Silence is in the ear of the beholder, and ears come in a variety of configurations.
Sound can travel through space, because space is not the total vacuum it's often made out to be. Atoms of gas give the universe a ubiquitous atmosphere of sorts, albeit a very thin one.
Sound, unlike light, travels by compressing a medium. On Earth, the atmosphere works well as a sound-carrying medium, as does water. The planet itself is very adept at transmitting an earthquake's seismic waves, a form of sound.
Space, though not as efficient, can also serve as a medium.
If a brave and clever astronaut could safely remove her helmet and shout into the cosmos, her voice would carry.
"We wouldn't be able to hear the sound because our ears aren't sensitive enough," explains Lynn Carter, a graduate student in astronomy at Cornell University.
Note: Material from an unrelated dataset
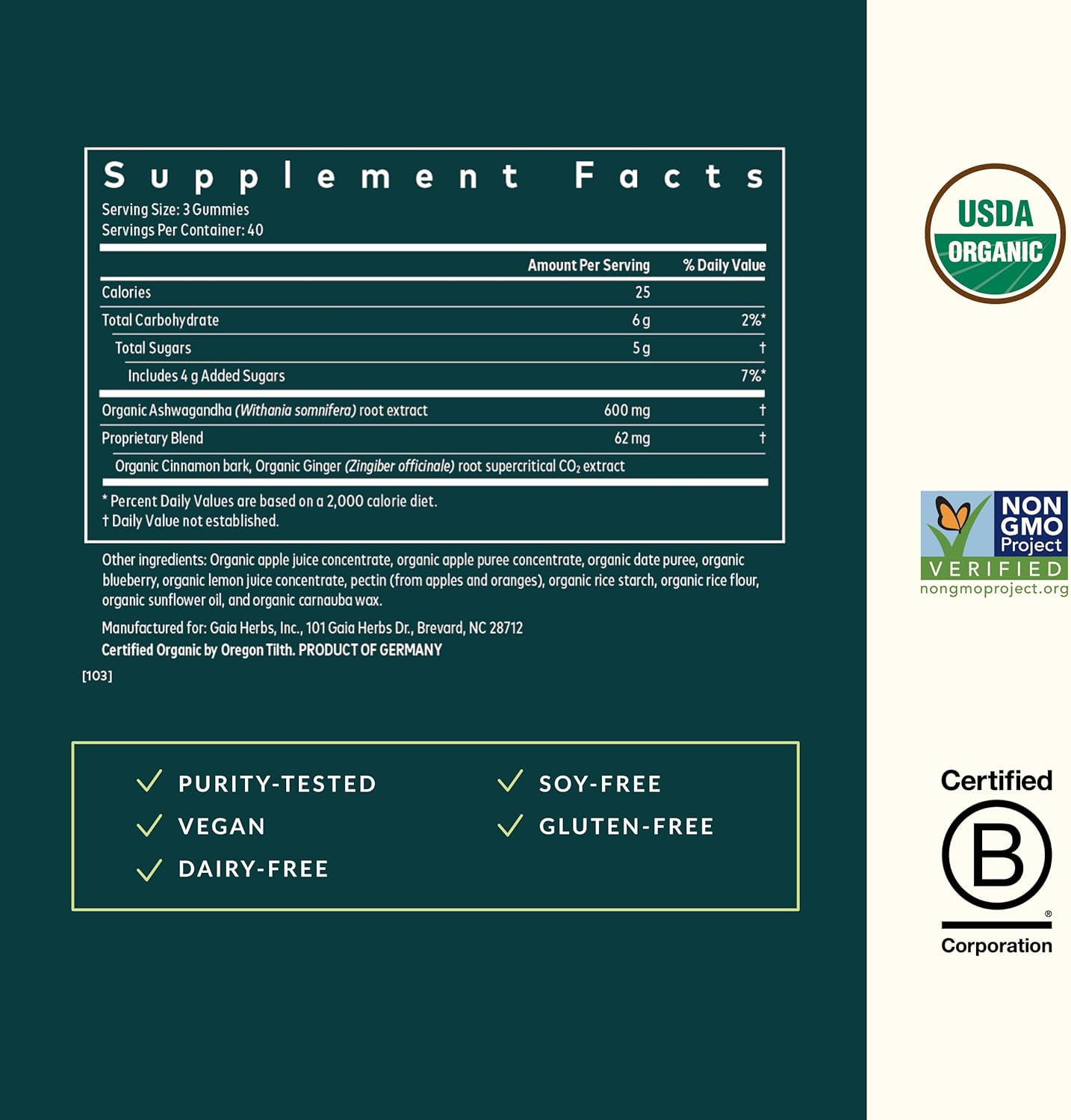 Gaia Herbs Organic Ashwagandha Gummies, Stress Support, Cinnamon, Ginger, Gluten Free, Vegan, 120 Count
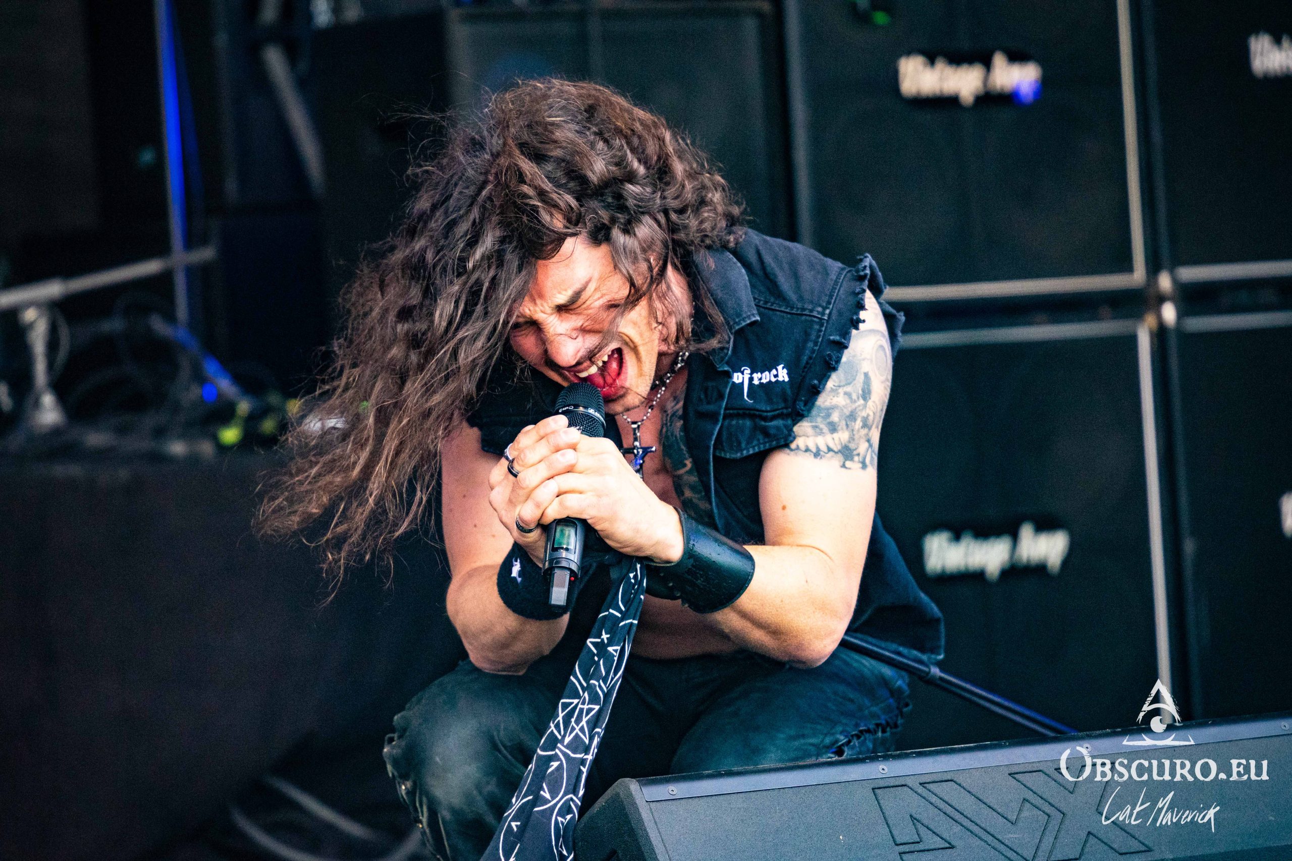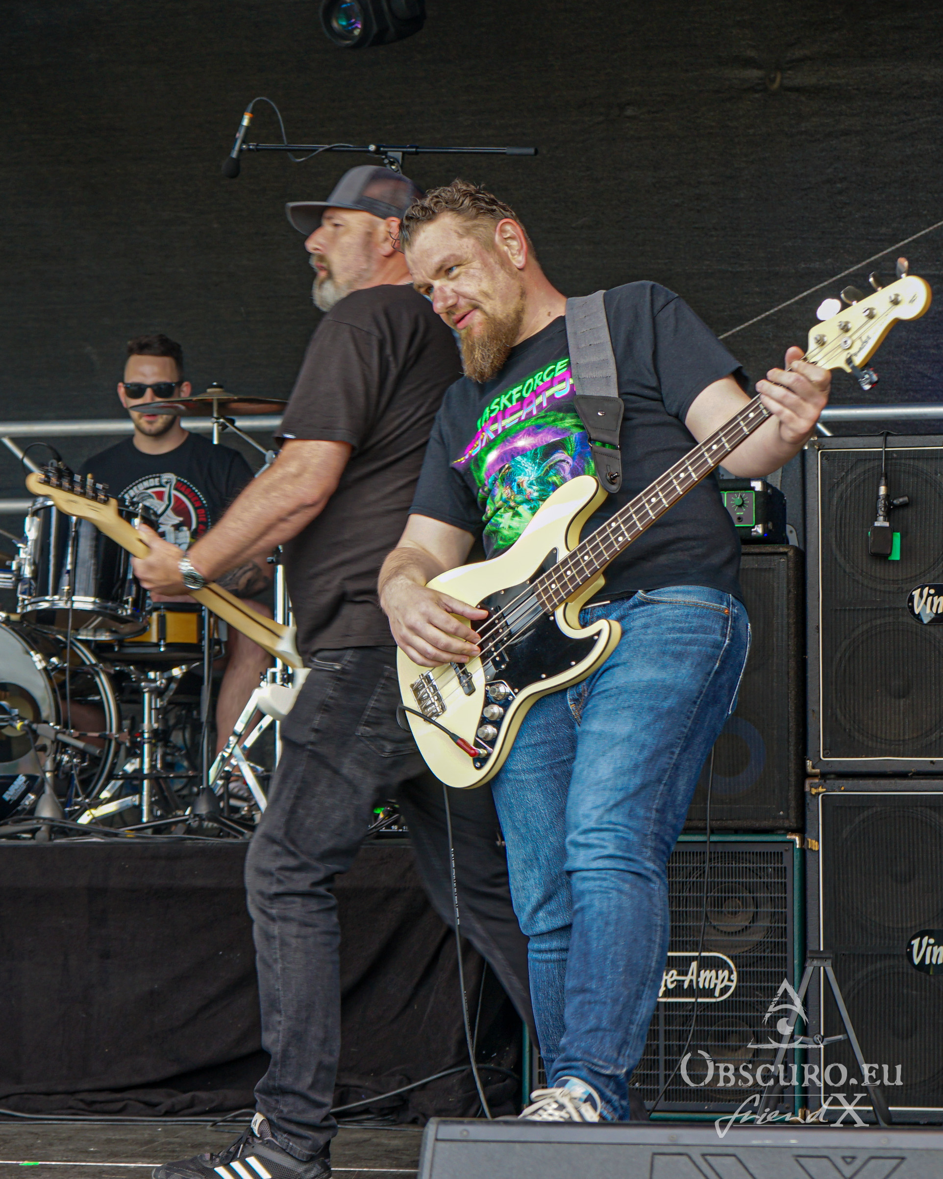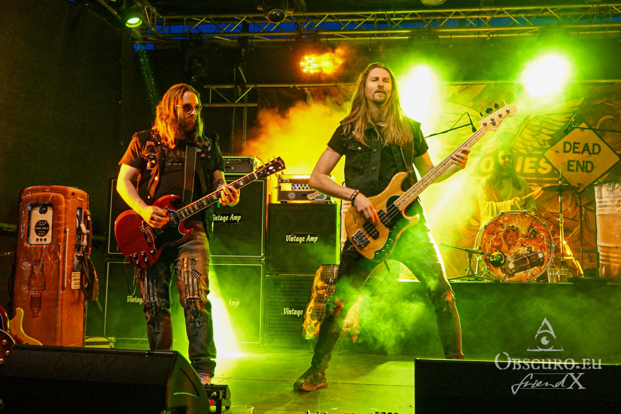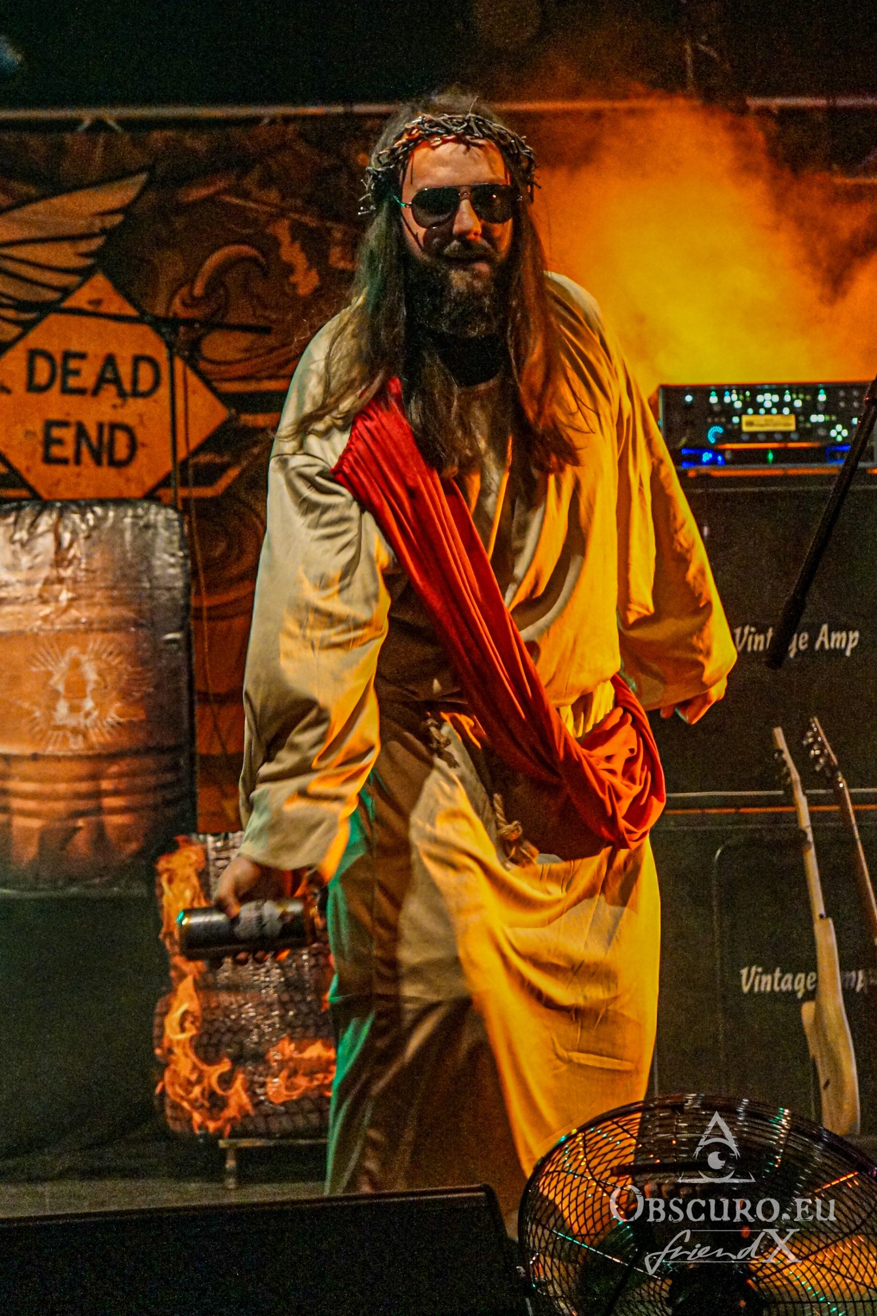 The Headliner on Friday faced a problem at arrival. Their drummer went ill while travelling and needed to go to the hospital immediately. Sh*t happens in the truest sense of the word. There was no time and no chance to find a substitute so shortly before the show. So Motorjesus had to make the decision, to cancel the show, or use a drum computer, even if it meant a loss of quality. They decided for the latter for the good of it. It would somehow have made no sense to drive all the way from Mönchengladbach to Oschersleben for nothing but a sick drummer. Their personal Jesus jumped in and mimicked as drummer along the drum computer. Motorjesus played a lovely set in best NWOBHM traditions combined with their own unique style.

Not enough atoms -- if any -- would strike our eardrums. "Maybe if we had an amazingly large and sensitive microphone we could detect these sounds, but to our human ear it would be silent."
An amazingly sensitive microphone, in a sense, was used to discover the constant B-flat coming from the black hole could be detected from 250 million light-years away. NASA's Chandra X-ray Observatory observed gas, compressed by the sound, in concentric rings much like ripples on a pond.